We were shocked by this, after a 4-year NMSU surveying/engineering degree, you say “wait a minute, we are paying you $100,000 dollars and four years of our life to get this degree and you are only going to give us something that we will use 25% of the time?” Then he said, I don’t even know what 25% you will use, “program content used in professional practice will vary by student.”  For example, Tony you may use it in the geodesy side. Tim you may use it in the boundaries side, and Josh you may use it in the hydrographic surveying side.

That was some profound information, a golden nugget of information. It really made us change our perspective about WHY we are learning things and HOW we are learning.

So, in order to prepare you for all of the possibilities of surveying we have to give you such a broad base that you can go out and really do anything.

At NISET we are set up with our curriculum to provide such a broad level of knowledge. From Geodesy and photogrammetry to boundary surveying and construction, a wide variety of surveying information, that you could go out and jump right into your career as a surveyor after you graduate.

Over the past 10 or 15 years, there has been a really big push in multi-disciplinary programs. So, some programs have GIS combined with land surveying, computer science combined with land surveying, and construction management combined with land surveying. I think that’s really cool because we have to be able to practice with others in this 21st-century world.

But after teaching in one of these programs I realized that if you have 30 credit hours of information to give a student, would you rather give them 30 hours of land surveying or 15 hours of surveying and 15 hours of construction management. You’ve got to choose and thinking about how quickly land surveying has evolved over the past century, personally as the director of NISET I feel that we have to give you every land surveying course available that you need to practice. So, if you do not have subdivisions class when you leave your associates program, or you do not have a construction surveying course when you leave the certificate that would be a major deficiency. And it would set you up to have a much harder time to pass your NCEES exams and a much harder time practicing when you graduate.
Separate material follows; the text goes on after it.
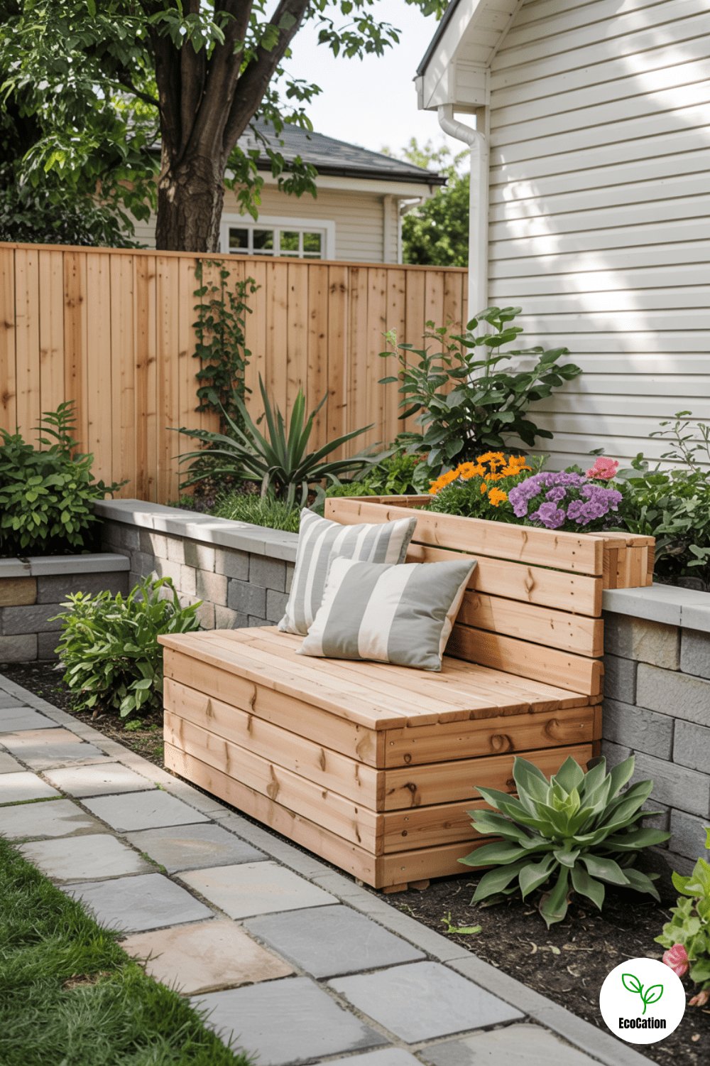 A retaining wall with a lift-up wooden bench seat offers clever storage for tools or cushions. Use cedar or teak for weather resistance, and add comfy outdoor pillows for instant seating.

So, we are 100% focused on land surveying, and that’s not to say that we ignore technology because we do UAS, Lidar, and machine operations so the newest surveying technology is absolutely covered. But we don’t go outside out our wheelhouse. I am a surveyor and I would never imagine teaching civil engineering and as a 21st century surveying, I want you guys to be 100% focused on your profession. So, if we focus solely as a school and as a program on surveying, we have a unique ability to set you up for success. In our courses we don’t just teach you random stuff from a book we teach lifetime skills focused on training. We don’t start from chapter 1 and go to chapter 20.

We focus on the sills necessary to practice for a lifetime, and if we do that than passing your survey exams is easy, because the exams are a mirror of what the profession really is and what NCEES expects the profession to be in 10, 20, 30 years. And that’s why the NISET curriculum is superior to almost or in my opinion every surveying or similar program in the country.